Humans don't understand their thought process either.

In general, neural nets do not have insight into what they are doing, because they can't. Can you tell me what neurons fired in the process of reading this text? No. You don't have access to that information. We can recursively model our own network and say something about which regions of the brain are probably involved due to other knowledge, but that's all a higher-level model. We have no access to our own inner workings, because that turns into an infinite regress problem of understanding our understanding of our understanding of ourselves that can't be solved.

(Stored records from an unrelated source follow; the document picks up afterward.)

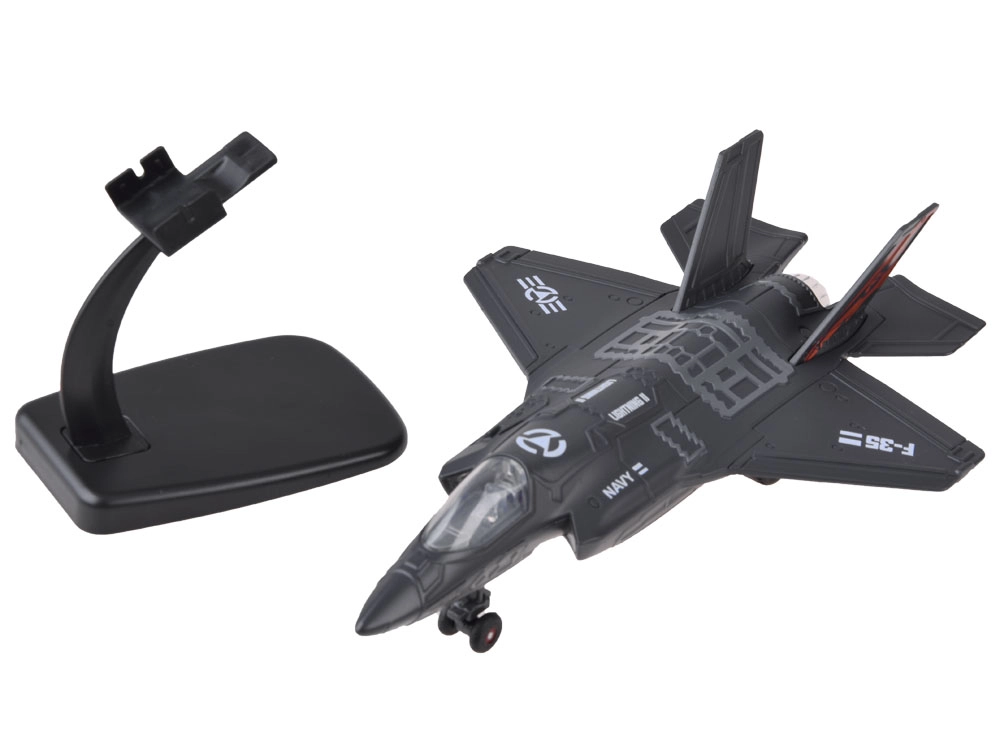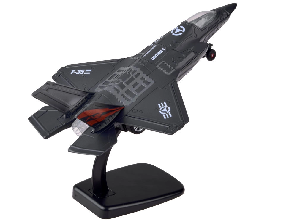 El modelo es ideal no solo para jugar, sino también como pieza de colección. Gracias al soporte incluido, podrás exhibirlo fácilmente en una estantería. Se entrega en un embalaje colorido y estético, por lo que es un regalo perfecto para pequeños pilotos y amantes de la tecnología militar.
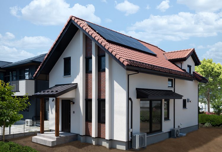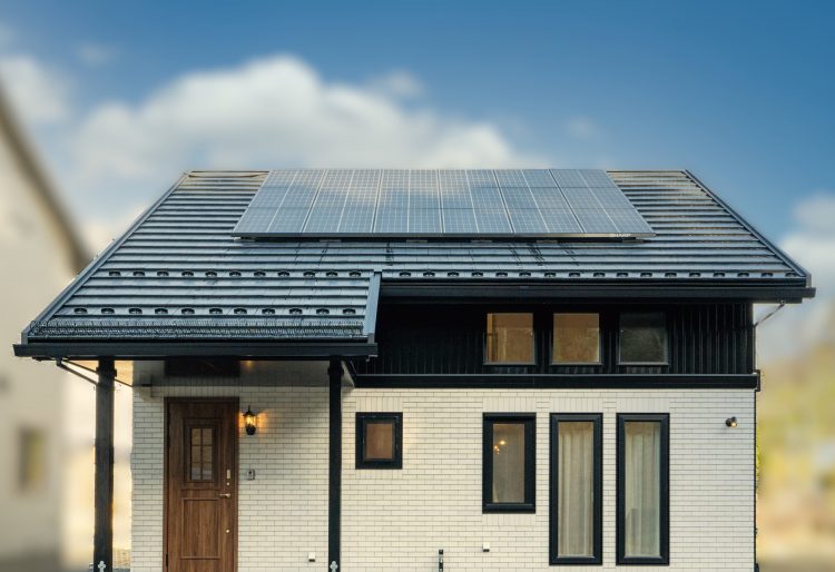 大屋根にデザイン性の高い太陽光パネルを装備し、少ないエネルギーで暮らせるスマートハウスを実現します。
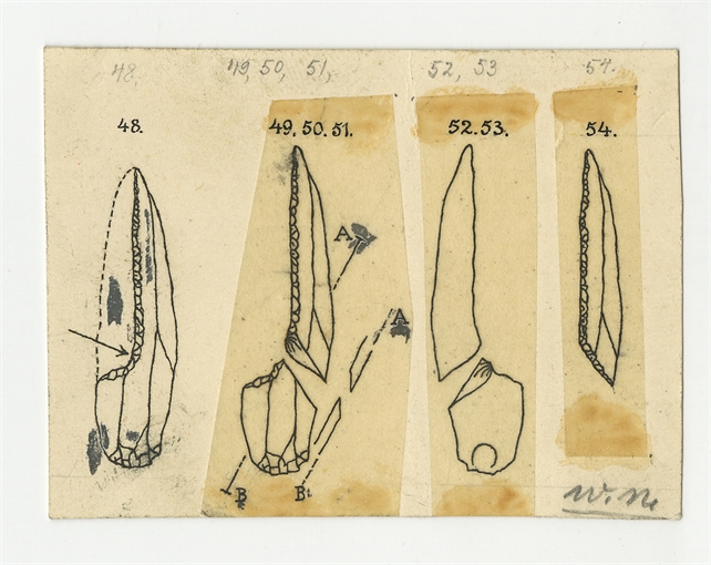 Zbiór rysunków zabytków krzemiennych oraz fotografie noży tokarskich do nieokreślonej pracy Stefana Krukowskiego - strona 19: rysunek w wersji roboczej ukazujący etapy powstawania narzędzia krzemiennego (nr rycin 48-54) - awers
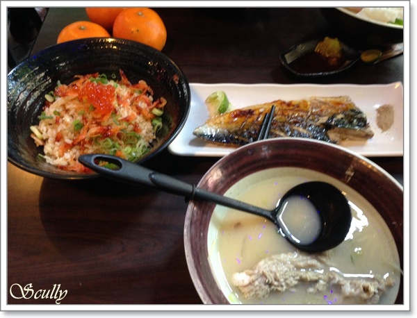三多屋爸爸嘴今日套餐$250:有挪威鯖魚、XO醬櫻花蝦鮭魚炒飯、味增魚湯,看起來也相當豐盛!!
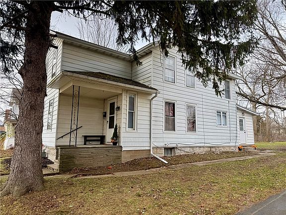 This nicely renovated and spacious home offers three bedrooms and two full bathrooms on a large village lot with a detached garage. Proudly situated on a wide lot, the home welcomes you with an open front porch and a small, inviting foyer. Inside, you'll find a large front living room and an additional room that can easily serve as a dining area, with enough space on the opposite end for a cozy den. The functional, roomy kitchen features newer flooring and appliances, along with a comfortable dinette area perfect for everyday meals. Just off the kitchen is an enclosed back porch that makes a wonderful sunroom overlooking the deep backyard. A full bathroom is conveniently located on the first floor. Upstairs, newer laminate flooring flows throughout the second level, where you’ll find three nicely sized bedrooms with closets and a second full bath. A generous walk-in hall closet provides excellent storage for linens and more. The property also includes a second driveway on the opposite side of the home, offering additional parking options. This home is in good condition and within walking distance to schools, shopping, and downtown Seneca Falls. With many updates including new flooring, appliances, lighting fixtures, on-demand hot water, plumbing, fresh paint, and more, this home is truly move-in ready.
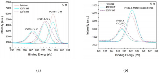 Figure 9 shows high resolution XPS of C1s, O1s, Ca2p and P2p for the specimens with UV light irradiation. These spectra have been corrected by assuming a standard C–C peak at 284.8 eV. The spectra of C1s are deconvoluted into three sub-peaks as shown in Figure 9a. According to the bonding energy of C1s [27], C–H, C–C and C–O correspond to three peaks at 286.7, 284.8, and 283.4, respectively. Furthermore, it can be observed semi-quantitatively that the intensity of C–H bonds deposited on the 400 and 600 °C HT surfaces is much lower than that deposited on the polished surfaces. By contrast, the intensity of C–C peaks shown on the HT surfaces is higher than that for the polished surfaces. Particularly, a wider C–C peak for 600 °C HT surfaces can be seen indicating larger production of C–C by 600 °C HT. Near the same intensity of C–O peaks for the three types of surfaces was identified.
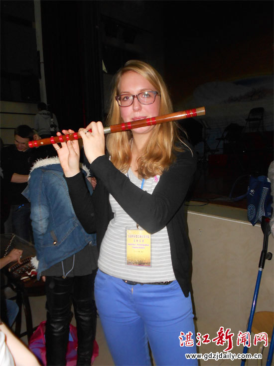 湛江新闻网12月30日讯 近日,来自贝多芬的故乡——德国曼森格莱德巴赫音乐学院一行52人的青年交响乐团,首次莅湛与我市音乐学子进行热情的文化艺术交流。12月28日,他们来到湛江师范学院音乐学院,与湛江师范学院音乐学院民乐团进行了风格迥然的演奏交流。一边是古筝、竹笛;一边是铜管长号。中外乐曲融汇一堂,激起了场上场下的阵阵掌声。
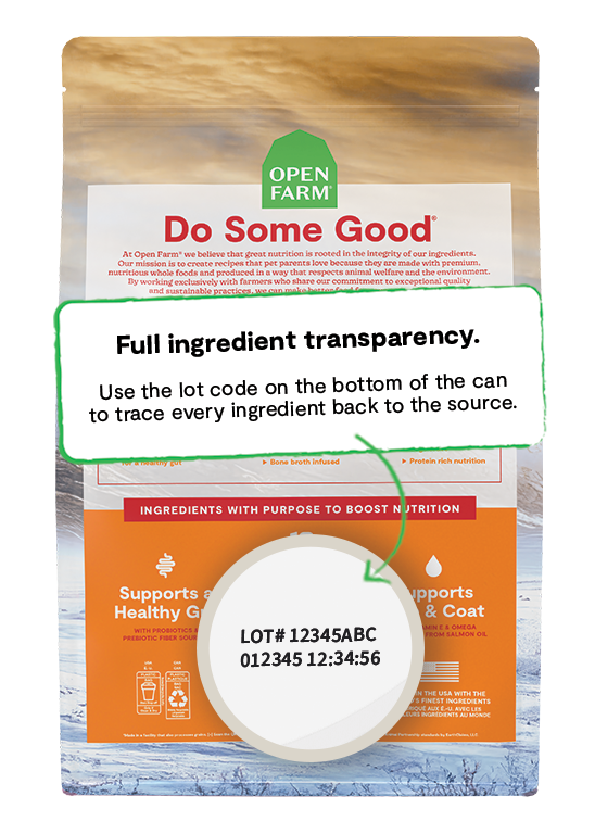 Our 30-day satisfaction guarantee covers the full recommended transition period from your pet’s old food to their Open Farm new recipe, plus plenty of extra time to reach out to us to initiate a return if needed. If you or your pet aren’t completely satisfied for any reason, we’ll gladly provide a full refund or exchange for recipes purchased on OpenFarm.com within 30 days of delivery.
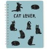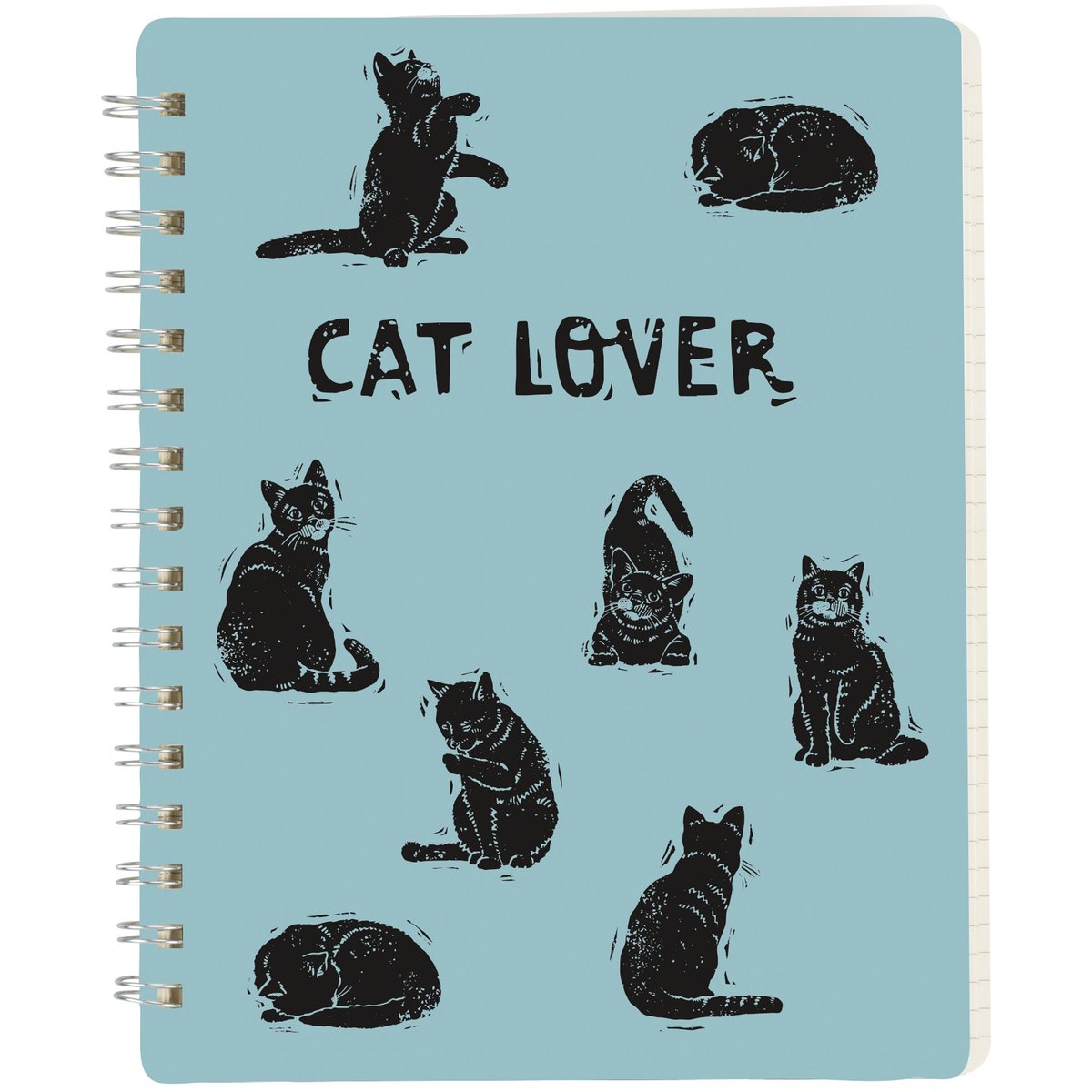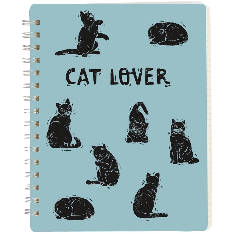 A double-sided spiral notebook from our Pet Collection displaying fun cat designs in a block print art style with a pet inspired sentiment that reads "Cat Lover." Back cover features coordinating cat designs. Our spiral Cat Lover notebook includes 120 lined pages. A fun pet-themed gift perfect for an everyday accessory.
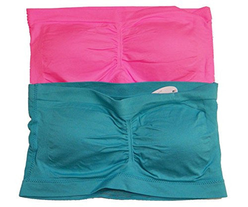 Anenome Women's Strapless Seamless Bandeau Padding (2 or 4 pack),One Size,2 Pack Light Teal_Pink
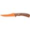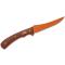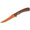 Lame trailing point en acier D2 avec revêtement céramique orange.
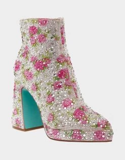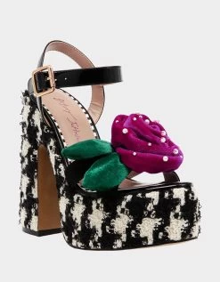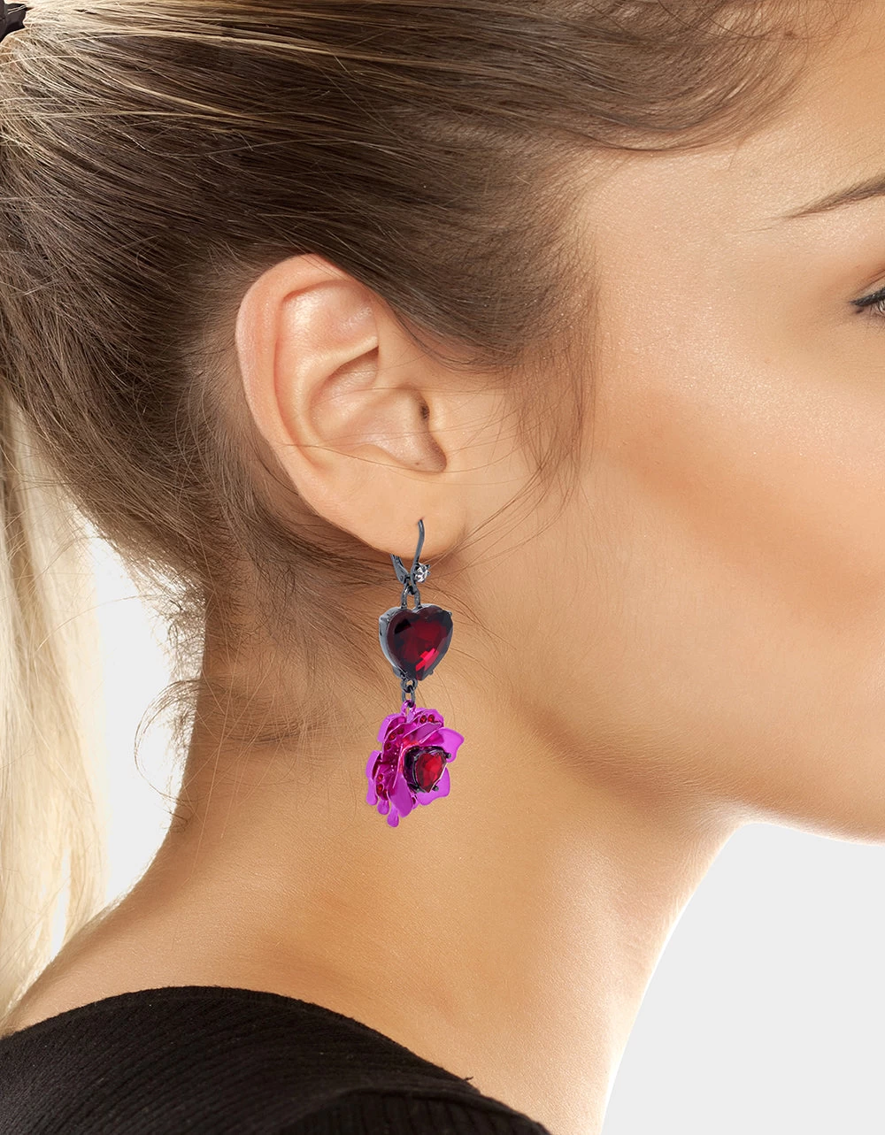 Vibrant mismatched drop earrings featuring fuchsia flowers paired with red stone hearts. Earrings have a lever back closure. Made from metal, enamel and glass.Â
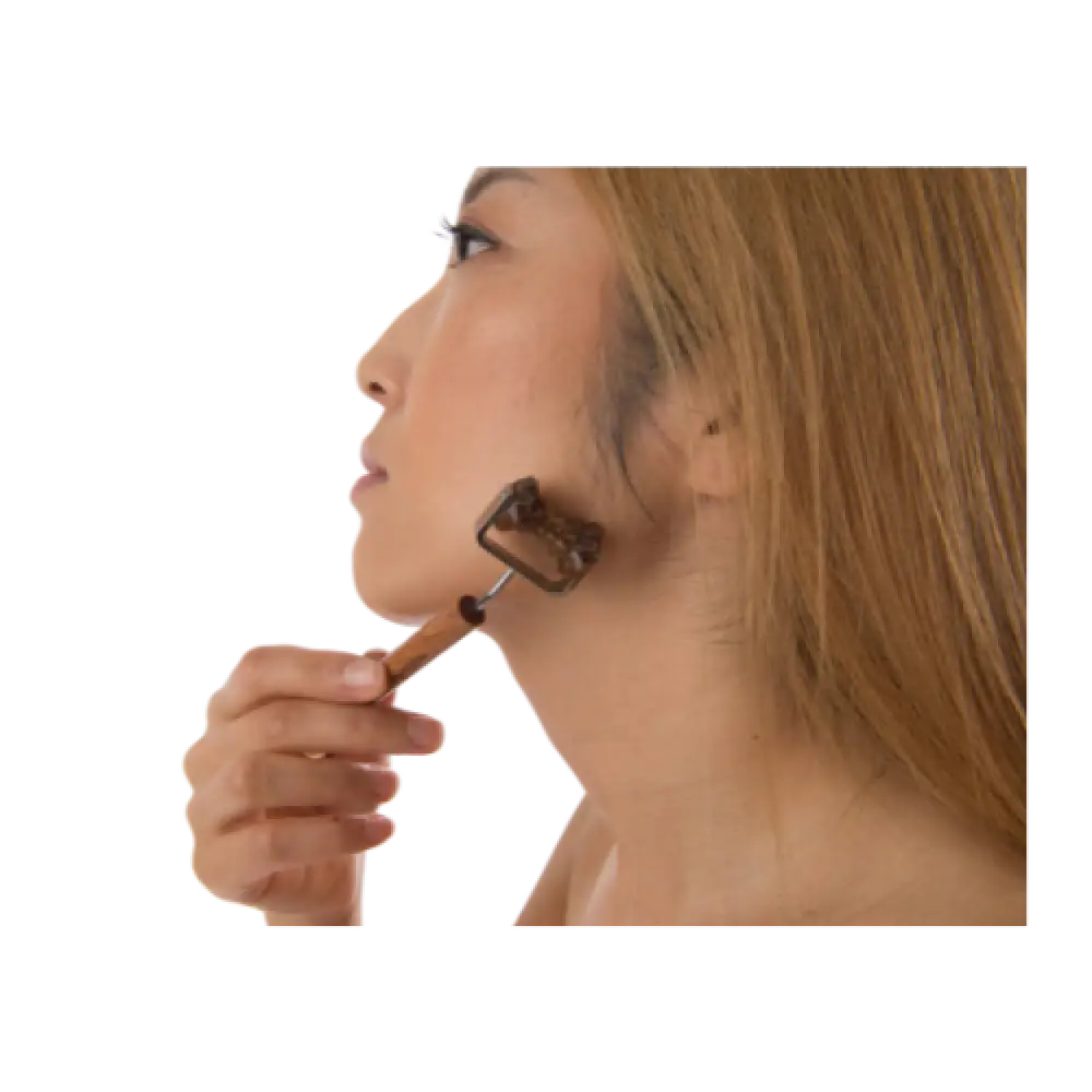 Use the yang concave end with short strokes following the natural contours of your face. Start at your jawline, rolling upward and outward toward your ears. Move to your cheekbones, rolling from the center of your face outward toward your temples. Work your neck by rolling upward from the collarbones. Each stroke should lift and define.
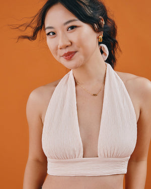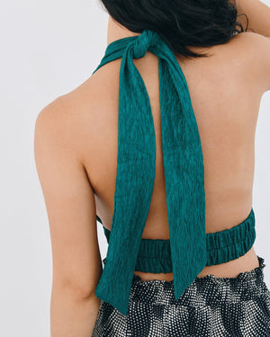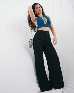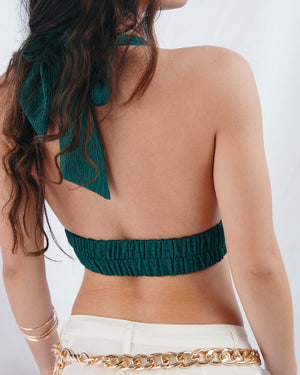 Turn up the heat with this halter crop top that’s equal parts flirty and fabulous! With its textured fabric and plunging neckline, it’s made for sun-soaked days and unforgettable nights.

The terminology of this next statement is a bit sloppy since this isn't a mathematics or computer science dissertation but rather a comment on HN, but: A finite system can not understand itself. You can put some decent mathematical meat on those bones if you try and there may be some degenerate cases where you can construct a system that understands itself for some definition of "understand", but in the absence of such deliberation and when building systems for "normal tasks" you can count on the system not being able to understand itself fully by any reasonably normal definition of "understand".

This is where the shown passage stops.